Print the entire listing below word for word, excluding its pictures.

Available data

+++++

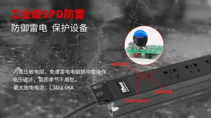 同為PDU依據IEC標準設計,內置自主研發的高性能防雷元器件,專為機房內通信、電子設備在操作過電壓和雷電感應頻繁的場合而設計,讓設備在極端下免受雷電電磁脈沖和浪涌侵襲破壞。在PDU電源頂端,附帶有防雷失效指示燈、電源指示燈和一個接地測試鍵,方便機房管理人員對PDU的工作狀態和功能狀態進行檢測,其標識含義分別為:(1)電源指示燈:電源接通后,電源指示燈顯示為綠色;(2)防雷失效指示燈:紅燈亮起,表示防雷功能失效,方便用戶及時更換維修。(3)接地測試鍵:電源接通后,按下接地測試按鈕,電源指示紅燈亮起則表示接地正常。
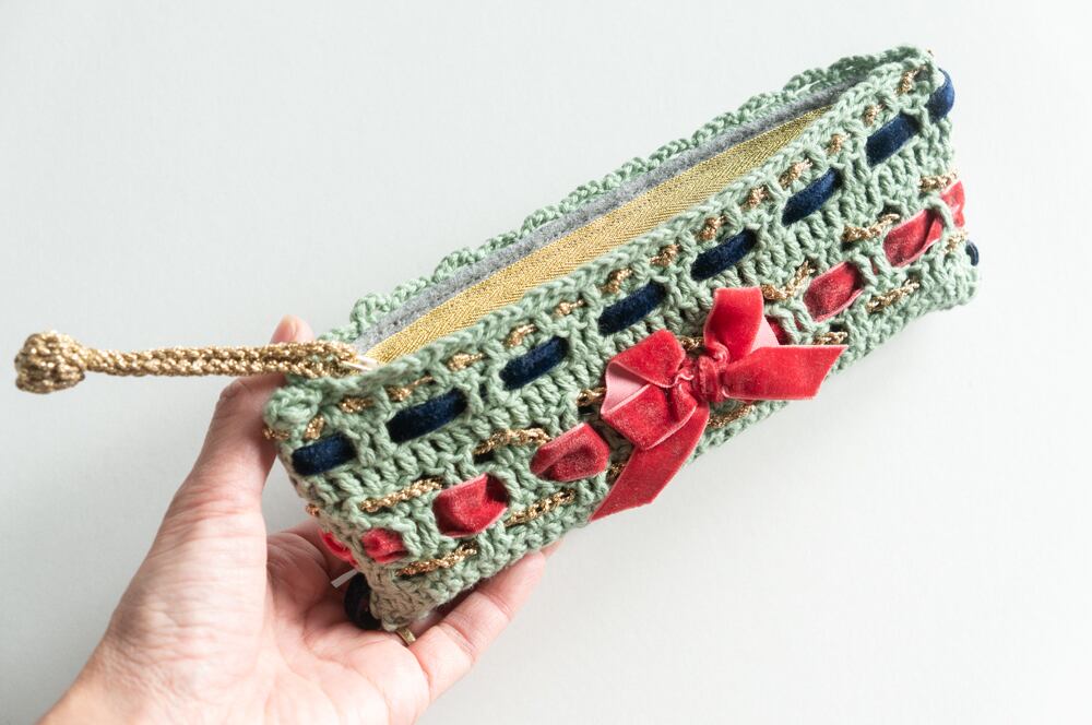 この内側のグレーは、表からもチラリと見え、グリーンとグレーの組み合わせも素敵です。
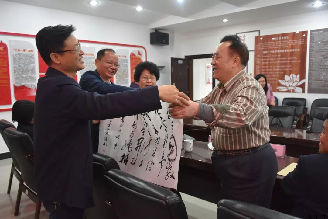 书法承文化,墨香沁校园。十二位书法艺术家大多是各行各业的资深精英,有的已是银发闪闪八十多岁高龄,但他们兴致很高,走进校园重燃青春激情,他们自由地交谈,关于书法,关于教育,意气风发,谈笑风生。大师们与我校领导互动交流,他们充分肯定了湘钢一中教育集团在教育教学上健康快速内涵发展,对于湘钢一中以“崇善向上、博学笃实”的校训为引领的大气教育表示高度赞许,对于
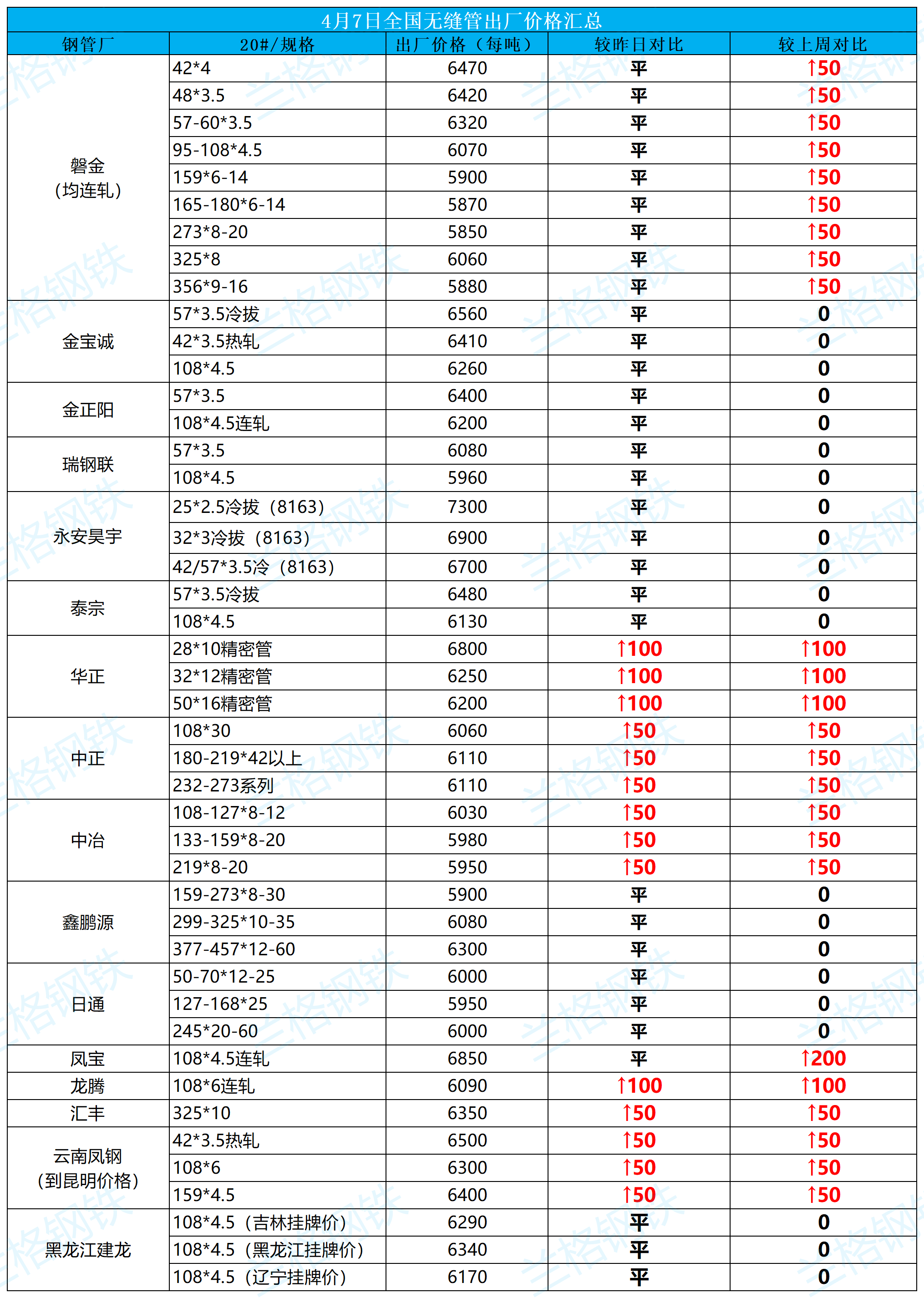 4月7日全国无缝管出厂价格汇总

+++++

Problem solution
 同為PDU依據IEC標準設計,內置自主研發的高性能防雷元器件,專為機房內通信、電子設備在操作過電壓和雷電感應頻繁的場合而設計,讓設備在極端下免受雷電電磁脈沖和浪涌侵襲破壞。在PDU電源頂端,附帶有防雷失效指示燈、電源指示燈和一個接地測試鍵,方便機房管理人員對PDU的工作狀態和功能狀態進行檢測,其標識含義分別為:(1)電源指示燈:電源接通后,電源指示燈顯示為綠色;(2)防雷失效指示燈:紅燈亮起,表示防雷功能失效,方便用戶及時更換維修。(3)接地測試鍵:電源接通后,按下接地測試按鈕,電源指示紅燈亮起則表示接地正常。
 この内側のグレーは、表からもチラリと見え、グリーンとグレーの組み合わせも素敵です。
 书法承文化,墨香沁校园。十二位书法艺术家大多是各行各业的资深精英,有的已是银发闪闪八十多岁高龄,但他们兴致很高,走进校园重燃青春激情,他们自由地交谈,关于书法,关于教育,意气风发,谈笑风生。大师们与我校领导互动交流,他们充分肯定了湘钢一中教育集团在教育教学上健康快速内涵发展,对于湘钢一中以“崇善向上、博学笃实”的校训为引领的大气教育表示高度赞许,对于
 4月7日全国无缝管出厂价格汇总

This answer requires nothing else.